Today, the hamlet is a well-known stop on the Appalachian Trail due to the close proximity to the trail of its post office, food, and lodging.

==Demographics==

As of the census of 2000, there were 1,418 people, 574 households, and 393 families residing in the CDP. The population density was 965 PD/sqmi. There were 611 housing units at an average density of 415.8 /sqmi. The racial makeup of the CDP was 92.6% white, 1.76% African American, .71% Native American, .99% Asian, .14% Pacific Islander, 1.55% from other races, and 2.26% from two or more races. Hispanic or Latino of any race were 5.99% of the population.
There were 574 households, out of which 31.7% had children under the age of 18 living with them, 57.3% were married couples living together, 7.1% had a female householder with no husband present, and 31.5% were non-families. 25.8% of all households were made up of individuals, and 7.8% had someone living alone who was 65 years of age or older. The average household size was 2.47 and the average family size was 3.

In the CDP, the population was spread out, with 23.6% under the age of 18, 5.3% from 18 to 24, 33.9% from 25 to 44, 25.4% from 45 to 64, and 11.8% who were 65 years of age or older. The median age was 38 years. For every 100 females, there were 98.9 males. For every 100 females age 18 and over, there were 100.7 males.

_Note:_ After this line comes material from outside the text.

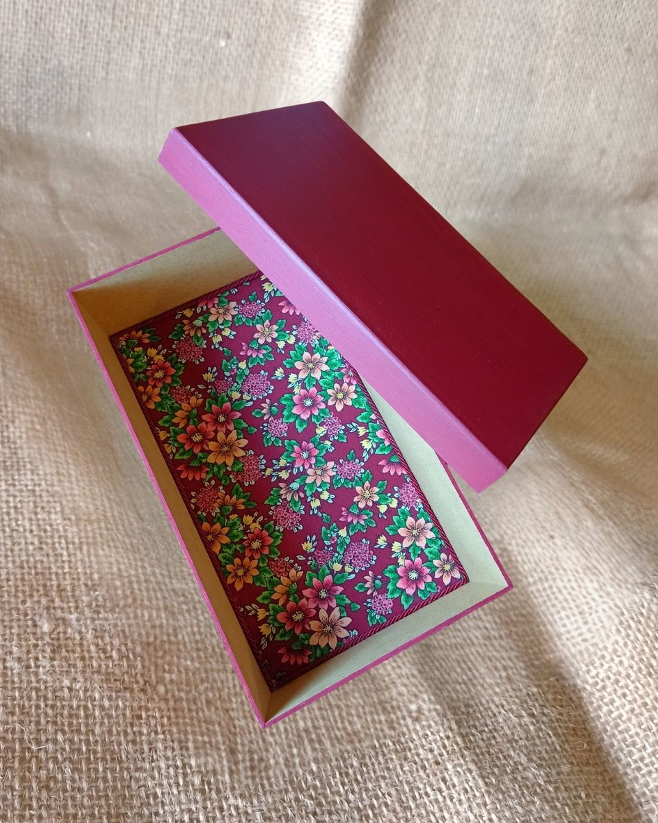 Linda caixa forrada com tecido florido, retangular. Perfeita para deixar seu presente super especial, com uma caixa linda dessa, é presente em dobro!!

The median income for a household in the CDP was $62,578, and the median income for a family was $65,708. Males had a median income of $45,781 versus $36,146 for females. The per capita income for the CDP was $24,520. About 1.5% of families and 2.9% of the population were below the poverty line, including 3.9% of those under age 18 and none of those age 65 or over.

Historical population
| Census | Pop. | Note | %± |
| 2000 | 1,418 |  | — |
| 2010 | 1,571 |  | 10.8% |
| 2020 | 1,627 |  | 3.6% |
U.S. Decennial Census

==Government==
A portion of the West Point Military Reservation extends into the CDP.

==Education==
Highland Falls-Fort Montgomery Central School District is the local school district. James I. O'Neill High School is its high school.